Prison Architect – are you a merciful god?

In the era of big AAA games, a smaller title is rising steadily to prominence. Prison Architect is a prison construction and management simulation game by the British game developer Introversion Software. You may know Introversion as the creators of Darwinia, Uplink, and DEFCON. Introversion’s latest hasn’t even officially launched yet, but it has sold more than 1million copies since its original public release in September 2012.

If you like to experiment in a sandbox environment, without another pesky player trying to destroy all the beautiful things you have planned and constructed with care, this might be the game for you.

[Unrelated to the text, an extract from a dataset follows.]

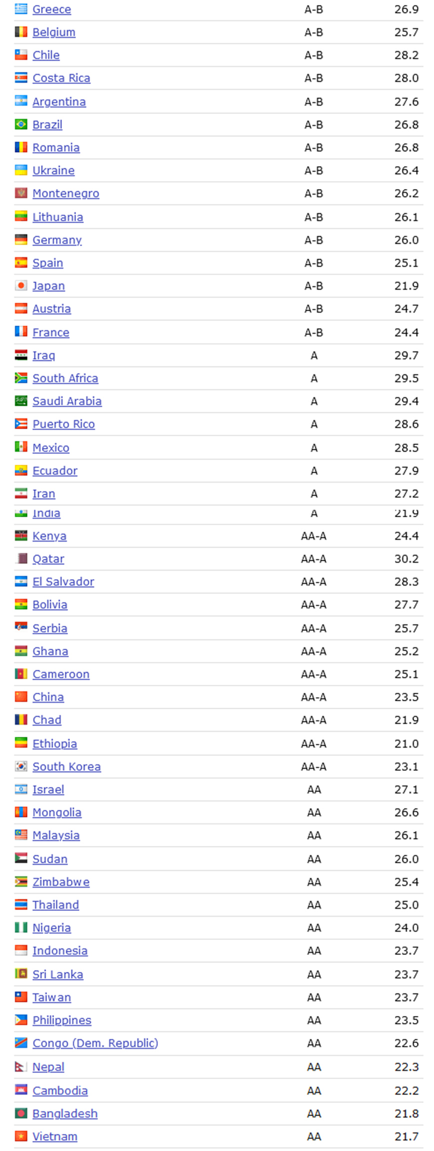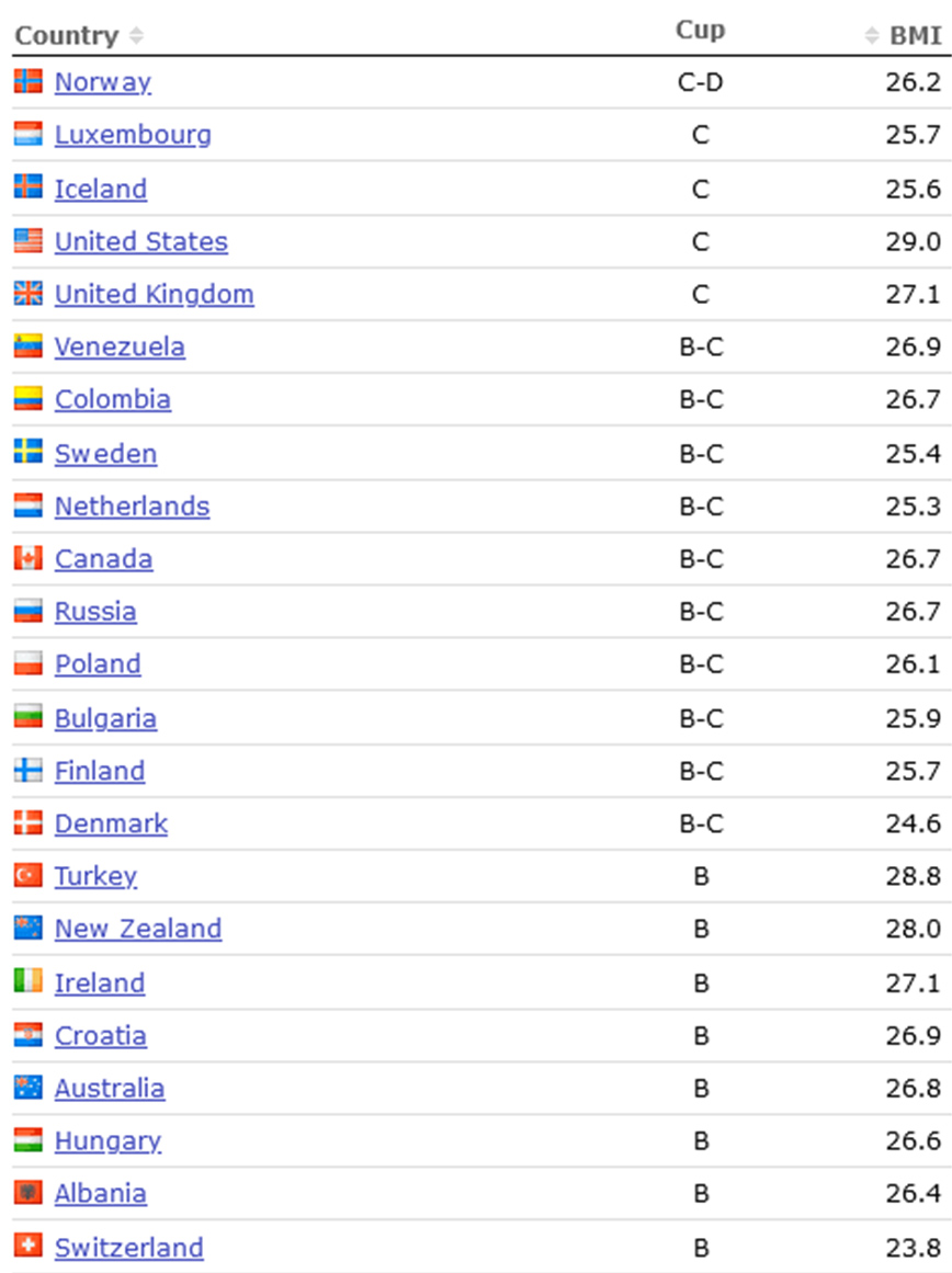 Στην κορυφή της λίστας πολλοί θα περίμεναν να δουν κάποια χώρα όπως η Βραζιλία ή κάποια μεσογειακή χώρα. Ωστόσο, την πρωτιά παίρνει η Νορβηγία με μέγεθος «C-D» σε μέσο δείκτη μάζας σώματος 26.2. Ακολουθεί, το Λουξεμβούργο, η Ισλανδία, οι ΗΠΑ και η Βρετανία που καταγράφουν μέγεθος C.

Prison Architect allows you to build the prison you always wanted, and show the government you can do it better. You design the layout of the cells, facilities, utilities as well as manage the finances, hire staff that you need keep content and create an environment where the inmates feel safe and can develop into useful members of society. You also get to manage the prisoner’s program, try to rehabilitate them with reform programs that reduce the specific prisoner’s repeat-offender rate. You should think ahead, as your institute keeps growing and new facilities and cell-blocks are added, you might find yourself with a chaotic building, where your visitors have to pass near the max security area to get to meet their loved ones and then the cell doors open to let the inmates go to dinner, but Dusty “The Lamb” McCreepy decides he wants visitor stew today and things get ugly…

There’s a stark contrast between the cartoonish, cutesy visuals and the actual gameplay itself, since these convicts are dangerous criminals, sentenced for horrible crimes, but the game doesn’t take itself so seriously and lightens the mood by adding funny descriptions of the inmates in their rap sheets. There are also some extra features that allow you to rename your convicts and customize some biographical aspects, for example you can name a prisoner after yourself and watch him get bullied by other inmates and guards.

The fun aspect for me is that you can create your own story, you can make everything run like clockwork and indulge the slightly OCD part of yourself, or you can go the other way and keep the prisoners in solitary for 24 hours for no apparent reason, wake them up with 3 AM shakedowns, then keep them in the showers for a good amount of the afternoon. The downside is that if you go evil, you might find your favorite inmate in a pool of blood, but your perception of the game might change which, in my opinion, is a testament to the games complexity that isn’t apparent at first glance.

I think one of the attributes of a good game, is that the world is immersive and that it can reveal something about the player, make him ponder upon a few things, like how well one should treat these criminals? Are you making their lives as good as possible just because it’s the way you usually play games like these or because you believe it’s the right thing? Is it wrong to lock even the most depraved of human beings in an overcrowded yard with no grass or trees? Should you let them have visitors, knowing that if you do, it increases the chance that they obtain weapons or drugs with which they can hurt other inmates or even guards? It can turn into an experience and this is one of the appeals of the game.

The game is available on multiple platforms including Windows, Mac and Linux and the studio stated that they are planning both console and mobile editions of the game. Currently you can find it on Steam as an Early Access release, updates are released monthly. Since it is still in alpha, it might be clunky and bugged in places, but still worth the investment. The proper commercial launch is due sometime later this year.